CLUBE DE LEITURA - DEZEMBRO

Com uma periodicidade mensal (à exceção de agosto), o Clube de Leitura destina-se a promover o prazer da leitura partilhada. As reuniões decorrem à volta de um livro previamente escolhido e lido por todos, proporcionando a convivência e a discussão entre quem gosta de ler e explorar os livros lidos, tornando a experiência da leitura ainda mais estimulante. Pontualmente poderá ter um escritor/dinamizador convidado.
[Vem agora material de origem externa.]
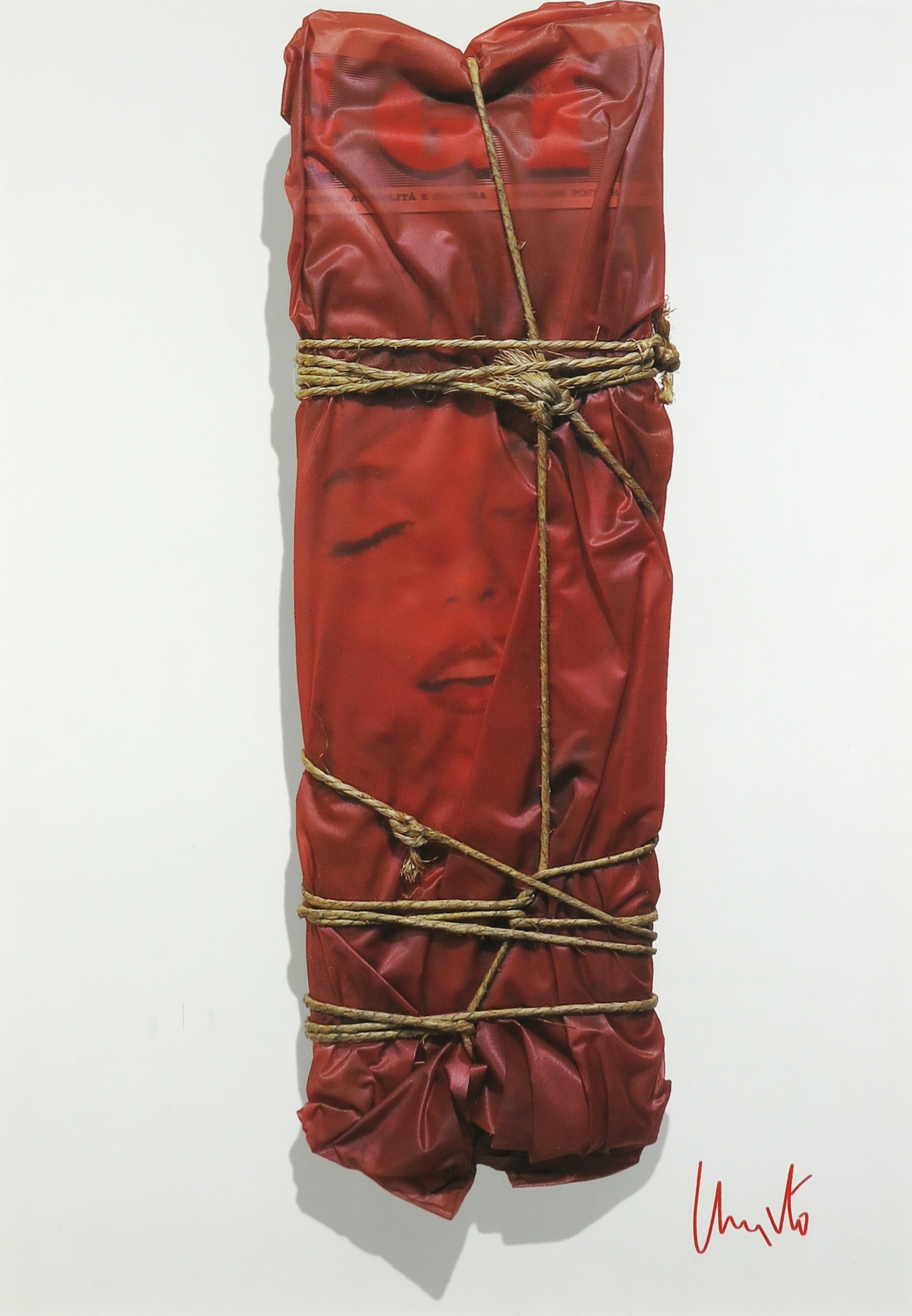 Wrapped Magazine werd in 1963 door Christo vervaardigd. Door het inpakmateriaal schijnt het magazine met coverfoto van Marilyn Monroe door. De iconische Monroe was een paar maanden voordat Christo dit werk maakte gestorven.
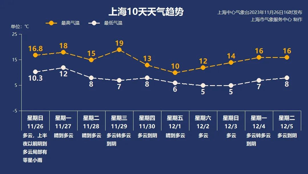 今天(11月26日)7时,2023年上海马拉松比赛在蓝天白云中开跑,全天气温在10.3℃~16.8℃之间(以中心城区徐家汇站为例),风力不大。中午开始云系逐渐增多,天空阴沉,奉贤还飘了短时小雨,雨势微弱。预计今天夜间阴到多云,上半夜以前局部地区有零星小雨。
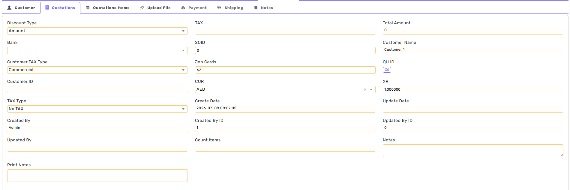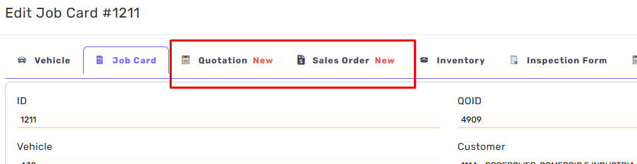 Quotation Tab and Sales Order Tab have been added to the Job Card Dialog
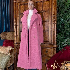 NWOT G by Giuliana Black Label Pink Faux Shearling Teddy Double Breast Long Coat
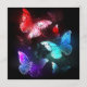 Cartão De Conselho Três Borboletas brilhantes sobre o fundo noturno
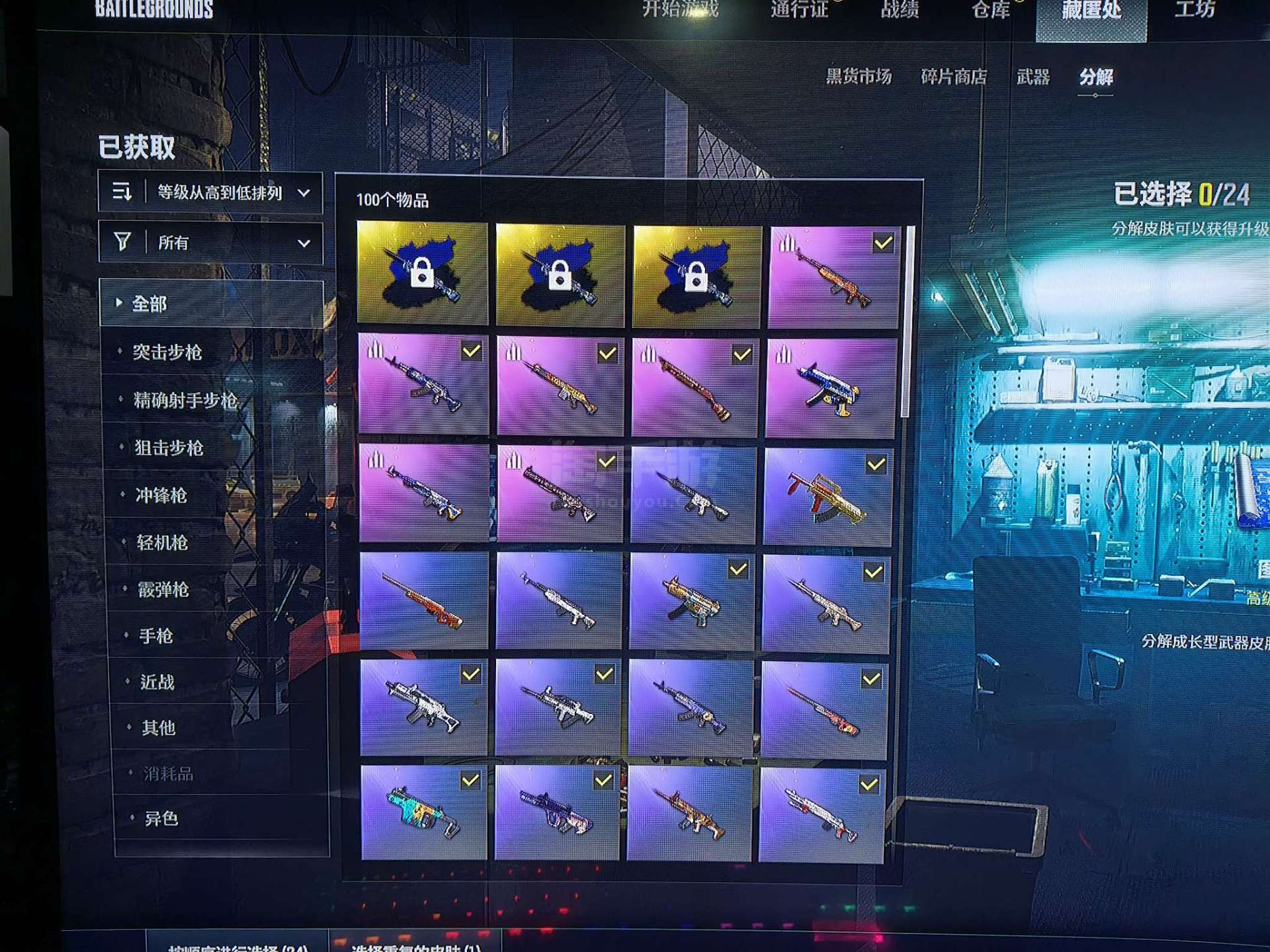 绝地求生(PUBG)【端游】100个枪皮,三异色,三车皮
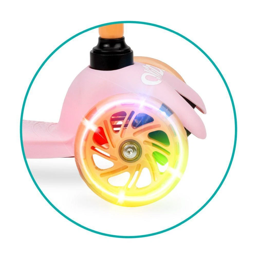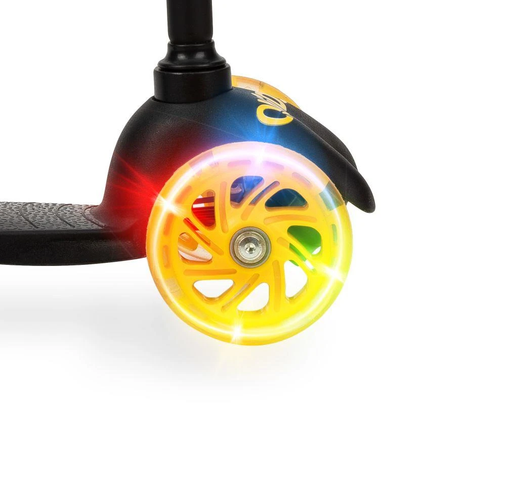 Kola mají navíc zabudovaná LED světla, která fungují na principu dynama. Čím rychleji batole jede, tím silnější jsou světla. Tato možnost je velmi důležitá, když se setmí – zvyšuje viditelnost na chodníku.
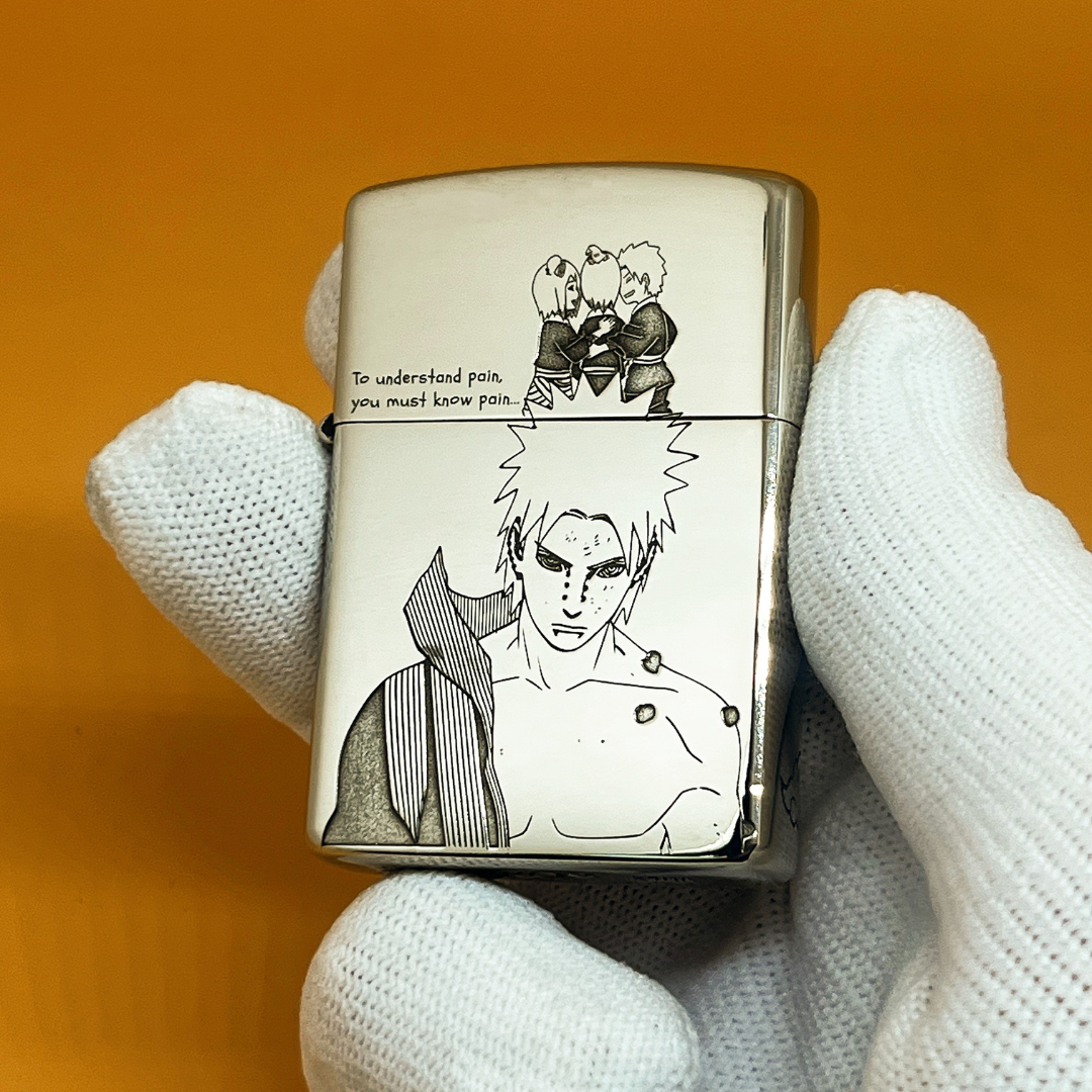 This Zorro cupronickel lighter features a deep engraved design inspired by Naruto, highlighting Pain (Nagato) in his iconic and imposing form. The artwork is engraved directly into the metal surface, capturing the character’s philosophy, intensity, and unmistakable presence.

Livro indicado: “O principezinho” de Antoine de Saint-Exupéry
Data: 30 novembro, 21h00


Sinopse: Antoine de Saint-Exupéry publicou pela primeira vez «O Principezinho» em 1943, quando recuperava de ferimentos de guerra em Nova Iorque, um ano antes do seu avião Lockheed P-38 ter sido dado como desaparecido sobre o Mar Mediterrâneo, durante uma missão de reconhecimento. Mais de meio século depois, a sua fábula sobre o amor e a solidão não perdeu nenhuma da sua força, muito pelo contrário: este livro que se transformou numa das obras mais amadas e admiradas do nosso tempo, é na verdade de alcance intemporal, podendo ser inspirador para leitores de todas as idades e de todas as culturas.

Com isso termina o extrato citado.